• **What is being asked**
Would you copy every record exactly as it stands and drop the pictures?
Supplied material Block Start
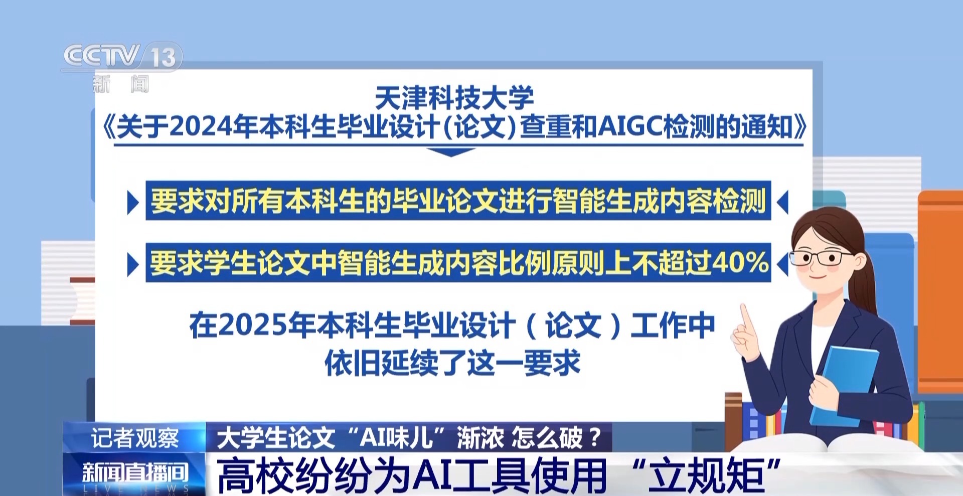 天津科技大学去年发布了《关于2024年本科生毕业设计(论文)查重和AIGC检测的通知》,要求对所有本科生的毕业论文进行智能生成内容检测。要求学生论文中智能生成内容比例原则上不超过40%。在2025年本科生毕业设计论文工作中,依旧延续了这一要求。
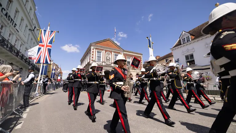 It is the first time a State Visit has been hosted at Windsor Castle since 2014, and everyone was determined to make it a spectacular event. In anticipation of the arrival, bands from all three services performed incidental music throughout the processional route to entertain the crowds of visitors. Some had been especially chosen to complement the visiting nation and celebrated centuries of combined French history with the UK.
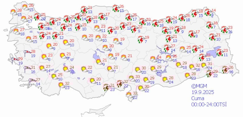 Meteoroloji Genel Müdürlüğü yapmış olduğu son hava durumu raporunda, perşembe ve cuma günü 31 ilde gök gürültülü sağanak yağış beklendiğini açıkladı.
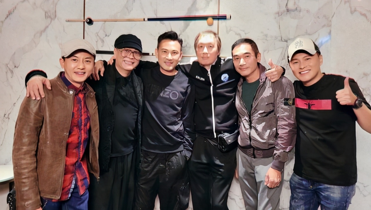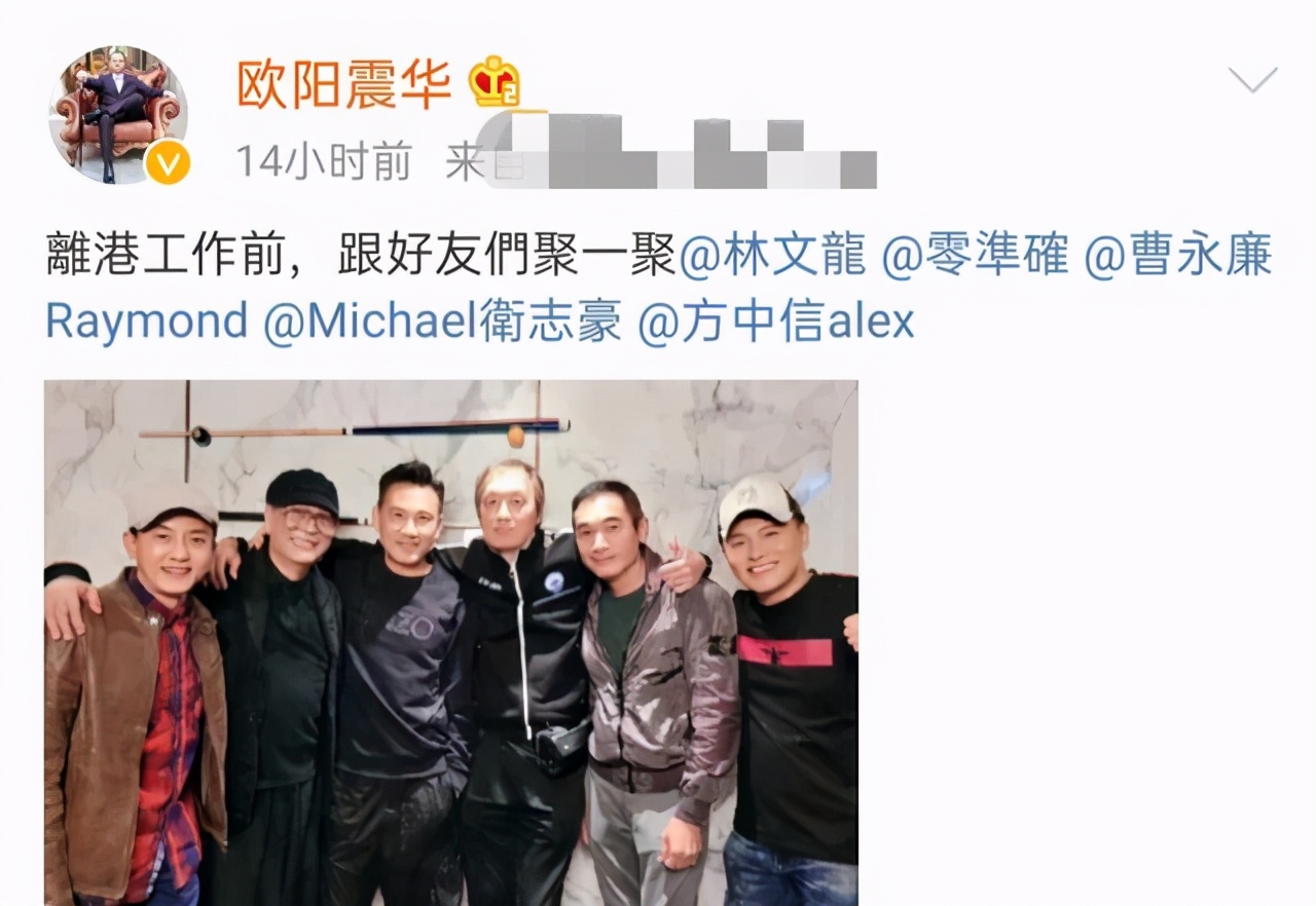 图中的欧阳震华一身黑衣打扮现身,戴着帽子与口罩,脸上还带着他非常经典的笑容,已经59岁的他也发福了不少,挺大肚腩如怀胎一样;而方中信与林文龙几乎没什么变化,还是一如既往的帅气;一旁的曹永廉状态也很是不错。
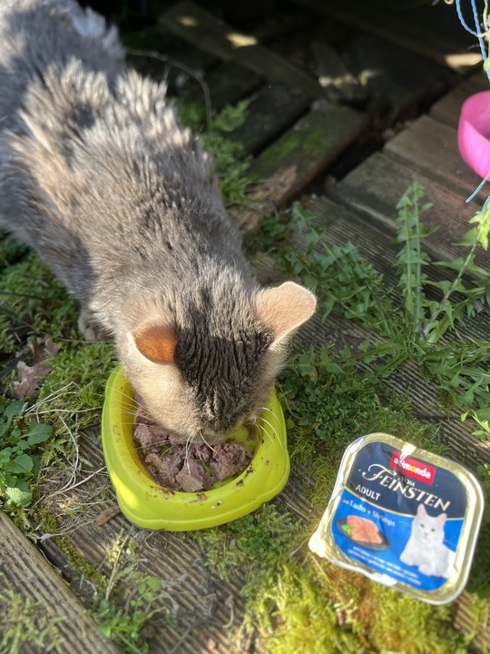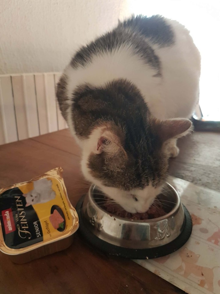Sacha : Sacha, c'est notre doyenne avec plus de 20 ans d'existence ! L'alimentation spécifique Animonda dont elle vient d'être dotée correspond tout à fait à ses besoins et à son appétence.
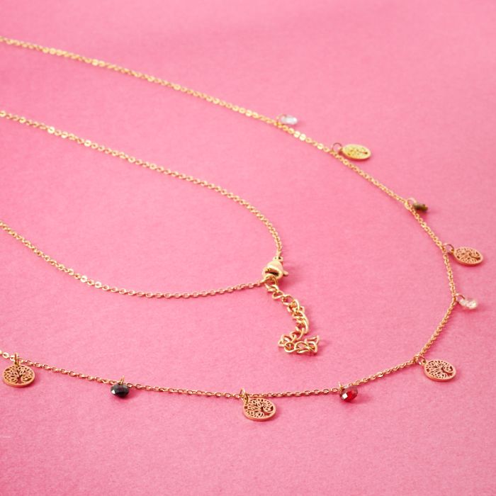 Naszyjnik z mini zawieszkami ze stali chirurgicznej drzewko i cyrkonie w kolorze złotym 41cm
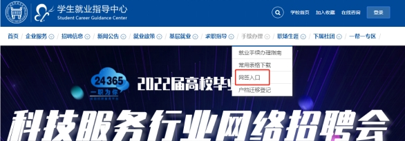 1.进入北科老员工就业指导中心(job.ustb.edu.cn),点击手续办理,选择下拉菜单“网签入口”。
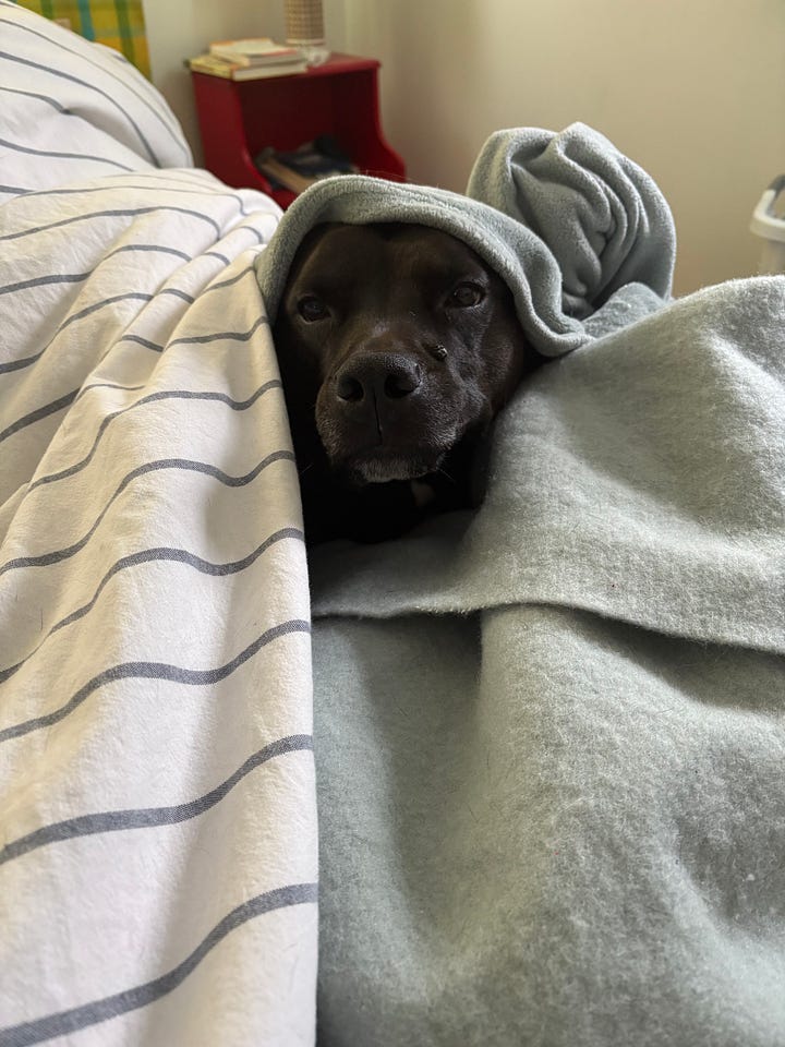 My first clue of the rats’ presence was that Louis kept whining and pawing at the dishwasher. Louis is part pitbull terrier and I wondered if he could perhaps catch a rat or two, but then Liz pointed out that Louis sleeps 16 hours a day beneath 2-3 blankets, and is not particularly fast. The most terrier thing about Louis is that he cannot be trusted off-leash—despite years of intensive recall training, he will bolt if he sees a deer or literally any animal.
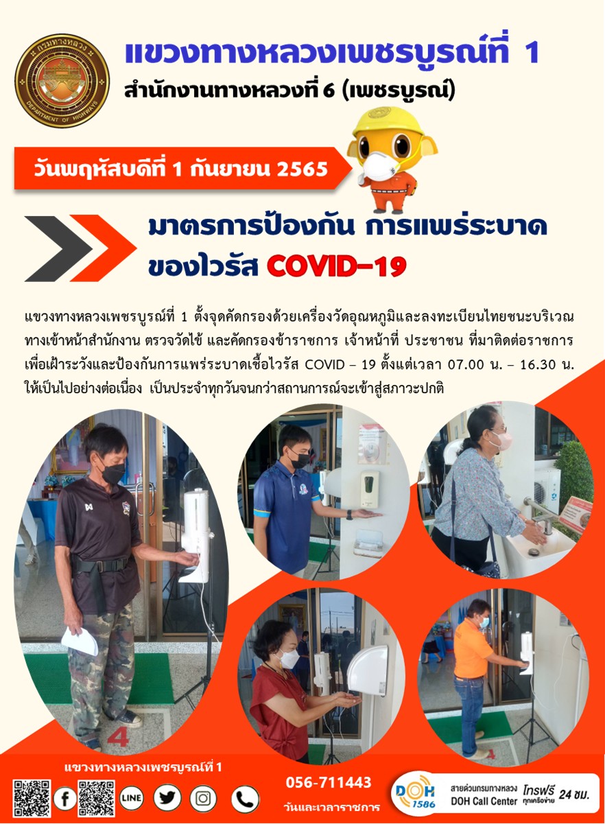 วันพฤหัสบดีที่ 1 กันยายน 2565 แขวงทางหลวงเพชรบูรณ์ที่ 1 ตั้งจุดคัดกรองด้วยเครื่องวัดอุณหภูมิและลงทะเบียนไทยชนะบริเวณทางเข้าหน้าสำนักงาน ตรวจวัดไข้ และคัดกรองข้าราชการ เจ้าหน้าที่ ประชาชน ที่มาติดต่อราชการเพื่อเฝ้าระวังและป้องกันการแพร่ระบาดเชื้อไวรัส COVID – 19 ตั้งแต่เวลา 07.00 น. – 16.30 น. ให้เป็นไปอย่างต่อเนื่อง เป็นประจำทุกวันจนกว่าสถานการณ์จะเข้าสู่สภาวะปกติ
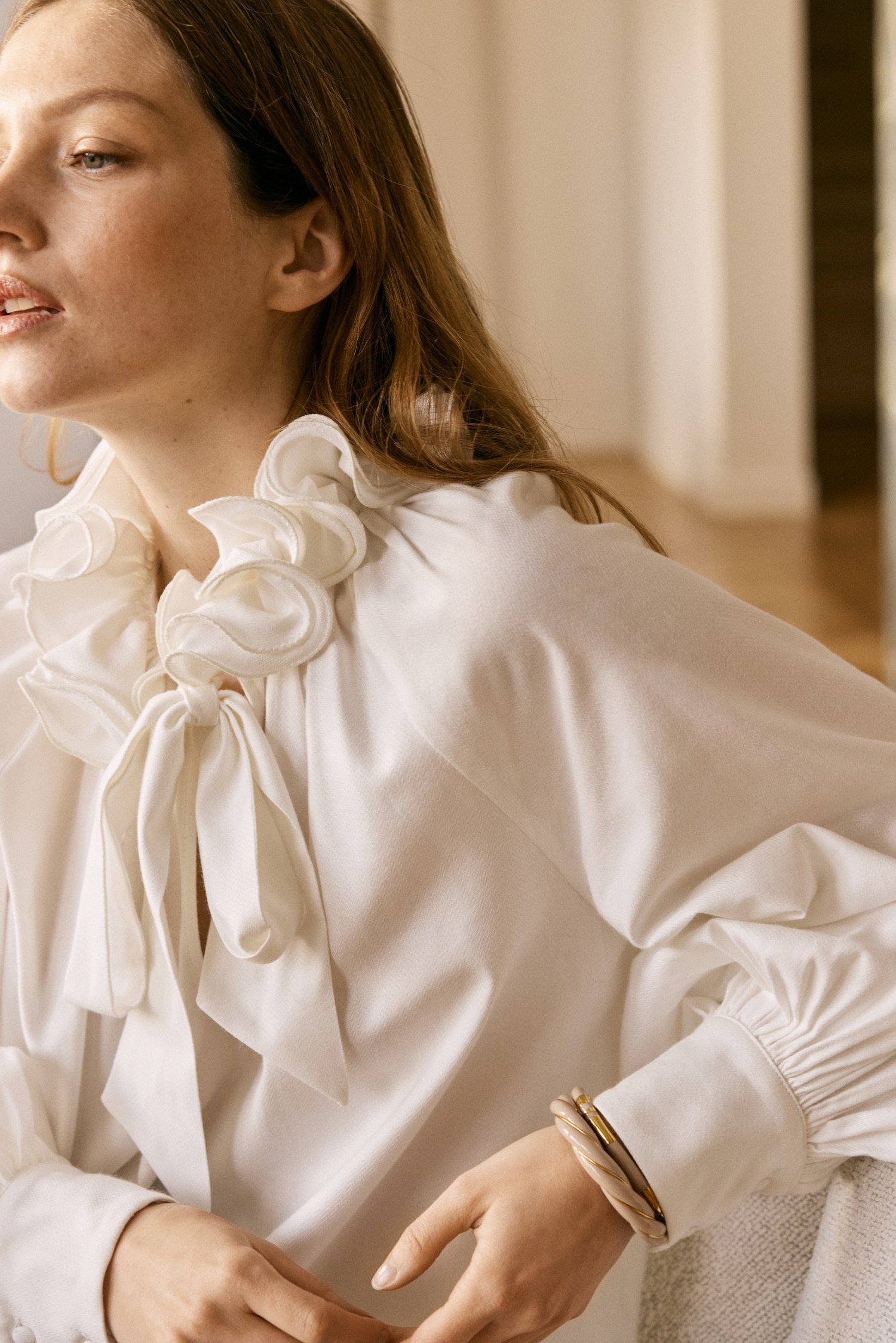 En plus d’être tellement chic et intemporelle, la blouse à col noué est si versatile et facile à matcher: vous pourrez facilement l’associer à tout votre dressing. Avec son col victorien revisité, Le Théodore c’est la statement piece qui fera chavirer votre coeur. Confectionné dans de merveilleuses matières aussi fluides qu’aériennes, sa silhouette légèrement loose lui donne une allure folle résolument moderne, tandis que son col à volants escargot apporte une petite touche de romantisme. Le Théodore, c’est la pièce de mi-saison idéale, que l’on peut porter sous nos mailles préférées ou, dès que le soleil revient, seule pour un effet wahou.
Supplied material Block End
• **Exercise result**
 天津科技大学去年发布了《关于2024年本科生毕业设计(论文)查重和AIGC检测的通知》,要求对所有本科生的毕业论文进行智能生成内容检测。要求学生论文中智能生成内容比例原则上不超过40%。在2025年本科生毕业设计论文工作中,依旧延续了这一要求。
 It is the first time a State Visit has been hosted at Windsor Castle since 2014, and everyone was determined to make it a spectacular event. In anticipation of the arrival, bands from all three services performed incidental music throughout the processional route to entertain the crowds of visitors. Some had been especially chosen to complement the visiting nation and celebrated centuries of combined French history with the UK.
 Meteoroloji Genel Müdürlüğü yapmış olduğu son hava durumu raporunda, perşembe ve cuma günü 31 ilde gök gürültülü sağanak yağış beklendiğini açıkladı.
 图中的欧阳震华一身黑衣打扮现身,戴着帽子与口罩,脸上还带着他非常经典的笑容,已经59岁的他也发福了不少,挺大肚腩如怀胎一样;而方中信与林文龙几乎没什么变化,还是一如既往的帅气;一旁的曹永廉状态也很是不错。
Sacha : Sacha, c'est notre doyenne avec plus de 20 ans d'existence ! L'alimentation spécifique Animonda dont elle vient d'être dotée correspond tout à fait à ses besoins et à son appétence.
 Naszyjnik z mini zawieszkami ze stali chirurgicznej drzewko i cyrkonie w kolorze złotym 41cm
 1.进入北科老员工就业指导中心(job.ustb.edu.cn),点击手续办理,选择下拉菜单“网签入口”。
 My first clue of the rats’ presence was that Louis kept whining and pawing at the dishwasher. Louis is part pitbull terrier and I wondered if he could perhaps catch a rat or two, but then Liz pointed out that Louis sleeps 16 hours a day beneath 2-3 blankets, and is not particularly fast. The most terrier thing about Louis is that he cannot be trusted off-leash—despite years of intensive recall training, he will bolt if he sees a deer or literally any animal.
 วันพฤหัสบดีที่ 1 กันยายน 2565 แขวงทางหลวงเพชรบูรณ์ที่ 1 ตั้งจุดคัดกรองด้วยเครื่องวัดอุณหภูมิและลงทะเบียนไทยชนะบริเวณทางเข้าหน้าสำนักงาน ตรวจวัดไข้ และคัดกรองข้าราชการ เจ้าหน้าที่ ประชาชน ที่มาติดต่อราชการเพื่อเฝ้าระวังและป้องกันการแพร่ระบาดเชื้อไวรัส COVID – 19 ตั้งแต่เวลา 07.00 น. – 16.30 น. ให้เป็นไปอย่างต่อเนื่อง เป็นประจำทุกวันจนกว่าสถานการณ์จะเข้าสู่สภาวะปกติ
 En plus d’être tellement chic et intemporelle, la blouse à col noué est si versatile et facile à matcher: vous pourrez facilement l’associer à tout votre dressing. Avec son col victorien revisité, Le Théodore c’est la statement piece qui fera chavirer votre coeur. Confectionné dans de merveilleuses matières aussi fluides qu’aériennes, sa silhouette légèrement loose lui donne une allure folle résolument moderne, tandis que son col à volants escargot apporte une petite touche de romantisme. Le Théodore, c’est la pièce de mi-saison idéale, que l’on peut porter sous nos mailles préférées ou, dès que le soleil revient, seule pour un effet wahou.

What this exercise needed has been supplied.